The answer must consist solely of the lines from the one containing "81件品牌圆领毛衣,秋冬季潮牌植绒字母针织衫ins韩系情侣宽松套头毛线衣 实体店品质独立包装有吊牌,大板厚实高克重S M" through the last line of the records, set down exactly and without any pictures.
---------- Provided data
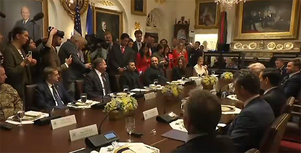 泽连斯基的回答引发一片笑声,特朗普也笑着说:"我猜到你不会喜欢这个想法!我知道他不会喜欢这个想法!"
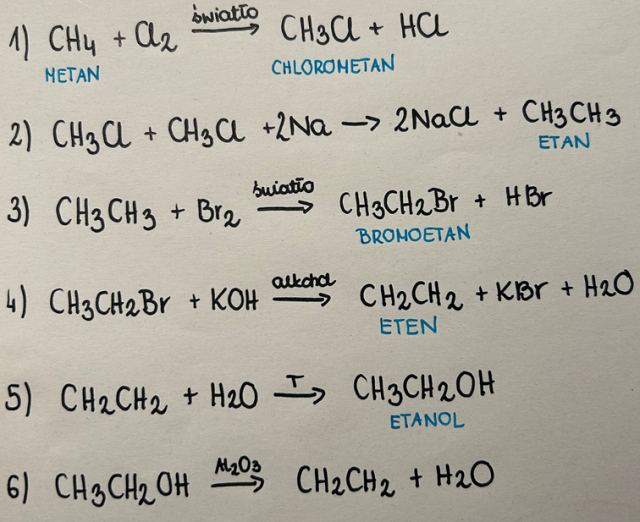 Napisz i uzgodnij równania reakcji chemicznych oznaczonych na schemacie cyframi 1-6.
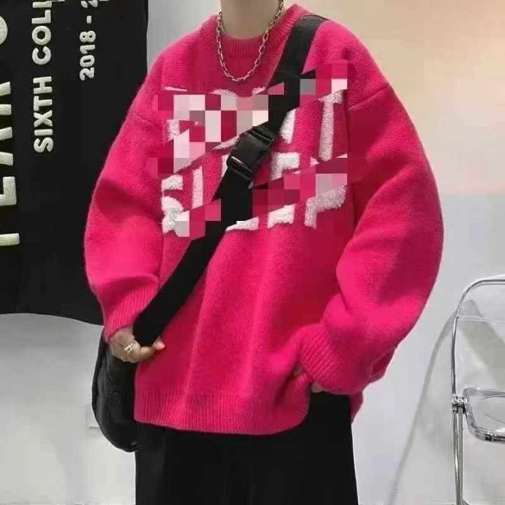 81件品牌圆领毛衣,秋冬季潮牌植绒字母针织衫ins韩系情侣宽松套头毛线衣 实体店品质独立包装有吊牌,大板厚实高克重S M L码
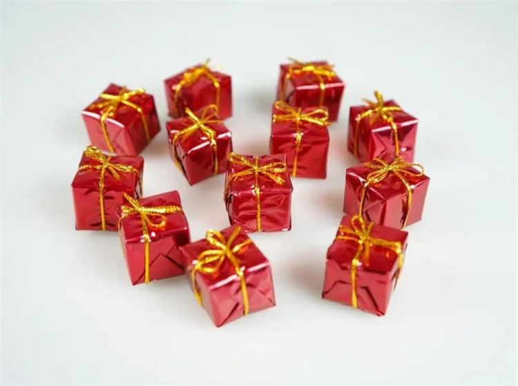 Pakiet zawiera 12 elementów dekoracyjnych przypominających niewielkie upominki. Te czerwone mini-prezenciki są idealne do udekorowania świątecznej choinki lub różnych kompozycji i stroików. Rozmiar każdej z ozdób to 2,5x2,5 cm.
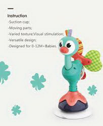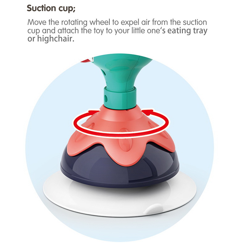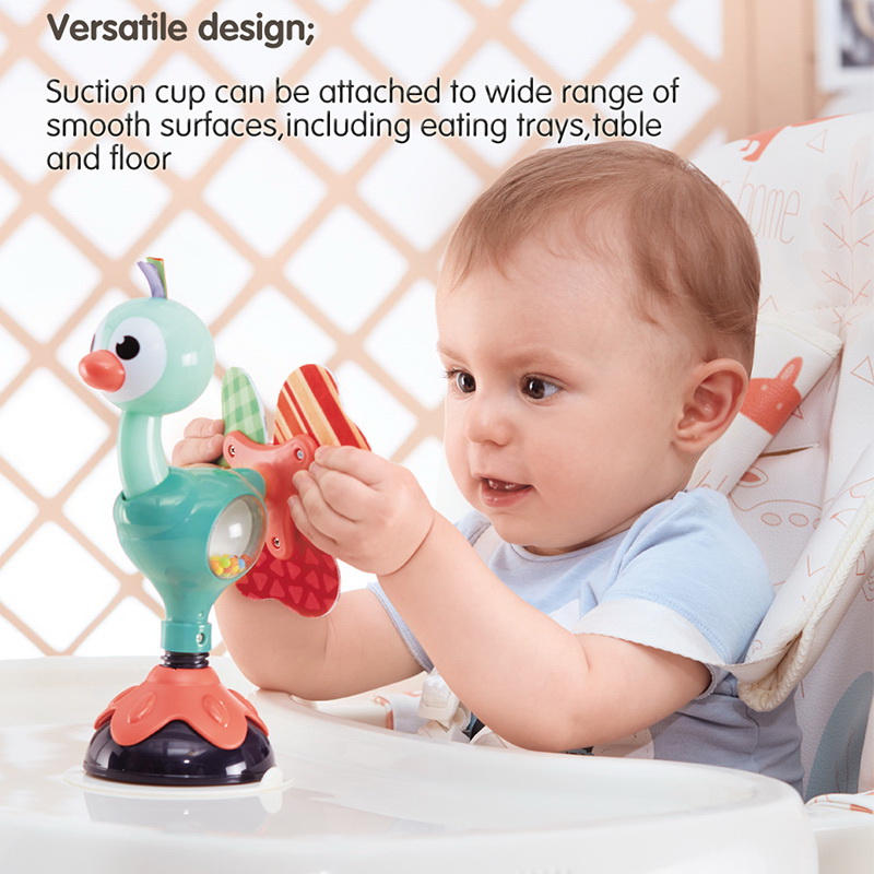 Jucăria cu ventuză în formă de păun este un prieten vesel și educativ care se fixează sigur pe masa de joacă, scaunul copilului sau podea. Odată montată, începe distracția: copilul poate explora mișcările, culorile și texturile într-un mod sigur și captivant!
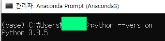 Anaconda Prompt를 들어간 후 파이썬이 제대로 설치 되었는지 확인합니다.
--------------------
Expected output:
 81件品牌圆领毛衣,秋冬季潮牌植绒字母针织衫ins韩系情侣宽松套头毛线衣 实体店品质独立包装有吊牌,大板厚实高克重S M L码
 Pakiet zawiera 12 elementów dekoracyjnych przypominających niewielkie upominki. Te czerwone mini-prezenciki są idealne do udekorowania świątecznej choinki lub różnych kompozycji i stroików. Rozmiar każdej z ozdób to 2,5x2,5 cm.
 Jucăria cu ventuză în formă de păun este un prieten vesel și educativ care se fixează sigur pe masa de joacă, scaunul copilului sau podea. Odată montată, începe distracția: copilul poate explora mișcările, culorile și texturile într-un mod sigur și captivant!
 Anaconda Prompt를 들어간 후 파이썬이 제대로 설치 되었는지 확인합니다.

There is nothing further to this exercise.